Introduction

The insurance industry in China has grown rapidly following the introduction of regulatory changes in recent years. However, although the Insurance Law has been amended several times since its enactment in 1995, it remains insufficient in light of the evolving needs of the industry. Under these circumstances, in 2014 the China Insurance Regulatory Commission (CIRC) began work on further amendments, six years after the last large-scale amendment of the law.

On October 14 2015 the Legislative Affairs Office of the State Council published the draft Decision on Revising the Insurance Law for public comment. The draft decision introduces 24 new articles, deletes one article and amends 54 articles. Following implementation of the amendments, the law will contain nine chapters and 208 articles in total. The amendments focus on the regulation of insurance business, including the business scope of insurers and the scope of insurance asset utilisation. With respect to insurance contract law, the Supreme Court will publish judicial interpretations, rather than enacting relevant amendments to the law.
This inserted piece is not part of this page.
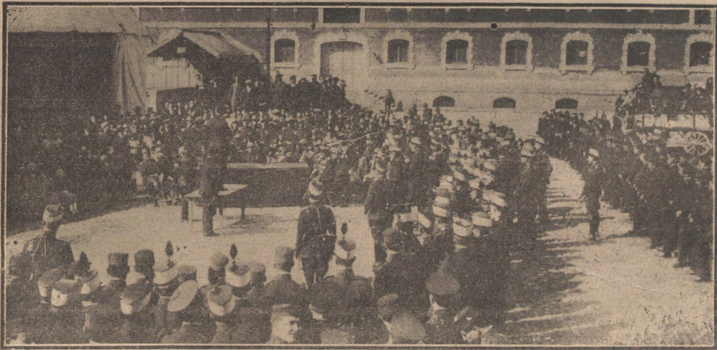
UN DETALLE DE LA FIESTA DE LA PATRONA DE LA INTENDENCIA MILITAR.—El soldado ganador del premio del Ayuntamiento, leyendo su poesía.

De Contumburgo: Vapor sueco «Catalonia», de 1.293 toneladas, con carga general para Barcelona.
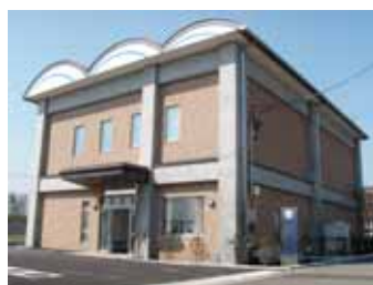
静岡市治水交流資料館

また、当館の企画イベントとして「治水を学ぼう！巴川バスツアー」を毎年7～8月に2日間開催し、70名程度の参加者が、当館、麻機遊水地、大谷川放水路などを見学し、目で見て、説明を聞くことにより、治水事業への関心と防災意識の啓発を図っています。

The amendments aim to deregulate certain aspects of the industry, promote innovation and energise the insurance market, and will provide more comprehensive regulatory mechanisms and more severe penalties for wrongdoing.

Expansion of insurance business and consumer protection

Apart from adding annuity products to the scope of insurance business, the amendments also make provision for online insurance, catastrophe insurance and insurance trading platforms. The amendments encourage insurance innovation, enhance insurance business platforms and promote standard products and the sustainability of the industry as a whole.

While encouraging the expansion of insurance business, the draft decision also includes consumer protection mechanisms, introducing provisions on personal information protection and a cooling-off period for life insurance. Further, it establishes administrative penalties for misleading solicitation and unreasonable refusal of claims, which have been the source of many headaches for the industry. Pursuant to the draft decision, insurers will be subject to a fine of Rmb200,000 to Rmb1 million for engaging in misleading solicitation and misrepresentation or refusing to pay indemnities or insurance benefits within the timeframe set out in the insurance policy. For serious infractions, the violator's insurance business licence may even be revoked – a much more stringent penalty than under the existing regulations.

Use of insurance funds

The draft decision further deregulates the operation of insurance registered capital and provides for more channels for financing. It stipulates that insurers need not set aside more capital if their guarantee funds are at least Rmb200 million. It also allows insurers to offer equity instruments, debt instruments and other financing instruments approved by the CIRC. These provisions take into account insurers' capital needs and resolve the common problem of insufficient funds.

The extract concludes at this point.